Hirschsprung's disease: Absence of serotonergic neurons in the aganglionic colon

M. A. Rogawski, J. T. Goodrich, M. D. Gershon, R. J. Touloukian

Research output: Contribution to journalArticlepeer-review

28 Scopus citations


The distribution of enteric serotonergic neurons was studied in patients with Hirschsprung's disease. Specimens of bowel obtained at surgery were incubated in vitro with tritiated serotonin (3H-5-HT) in the presence of a high concentration of nonradioactive norepinephrine. Sites of high-affinity 3H-5-HT uptake were visualized by light-microscopic autoradiography. Specimens taken from ganglionic regions of the intestine (distal ileum or colon) showed intense labeling of the neuropil within the myenteric plexus. Silver grains were localized in a pericellular distribution around ganglion cells, but the ganglion cells themselves were relatively free of overlying silver grains.

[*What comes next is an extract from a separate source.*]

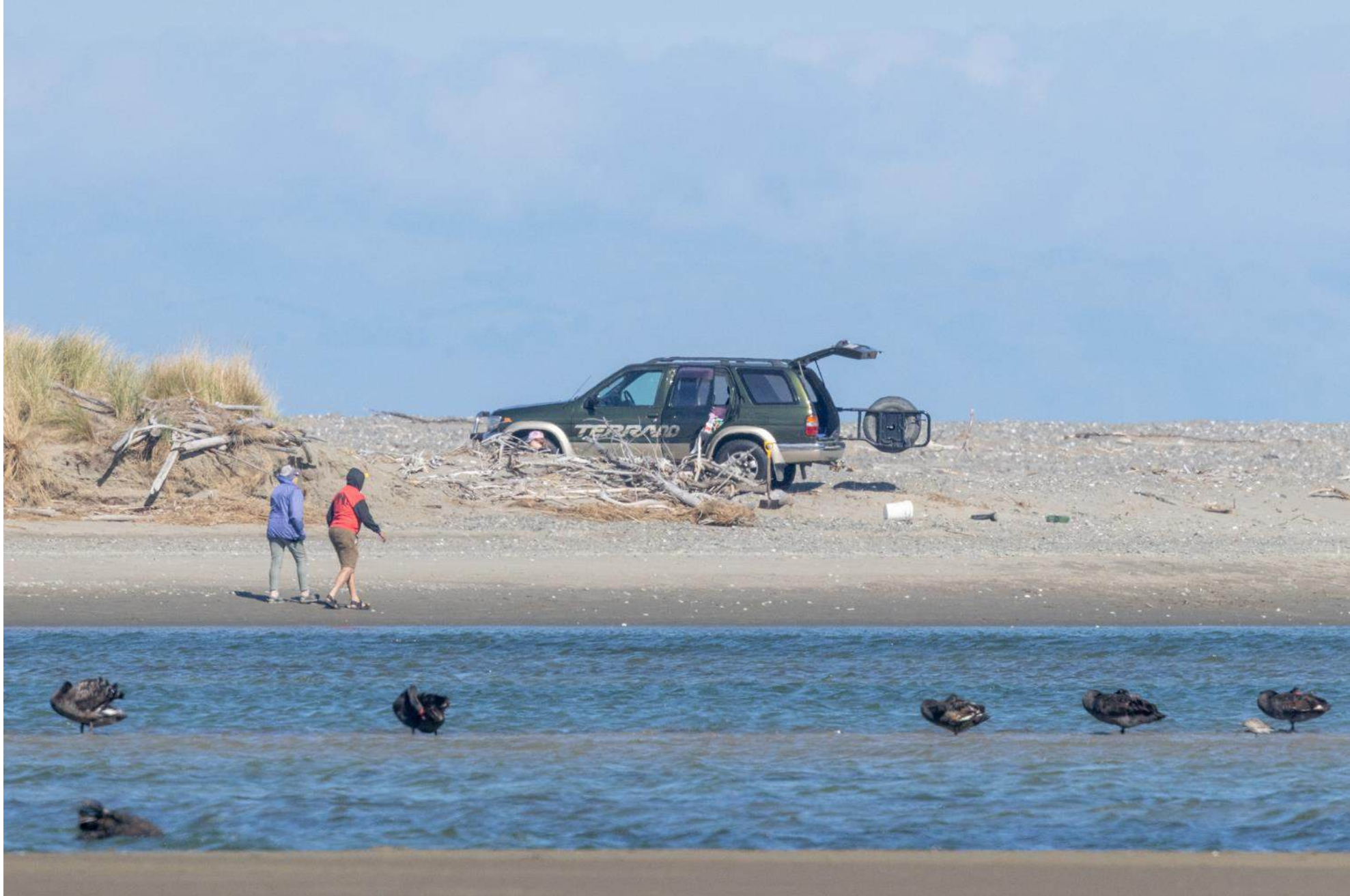
5 October, 3.29pm. 4WD on estuary side of sand spit.

Corresponding regions of aganglionic colon or rectum demonstrated silver grain densities equivalent to background levels. Specific labeling was absent over the large nerve trunks in this region. These results suggest that 5-HT-containing neurons are present in the normal human intestine and that these neurons are absent in the aganglionic segment in Hirshsprung's disease.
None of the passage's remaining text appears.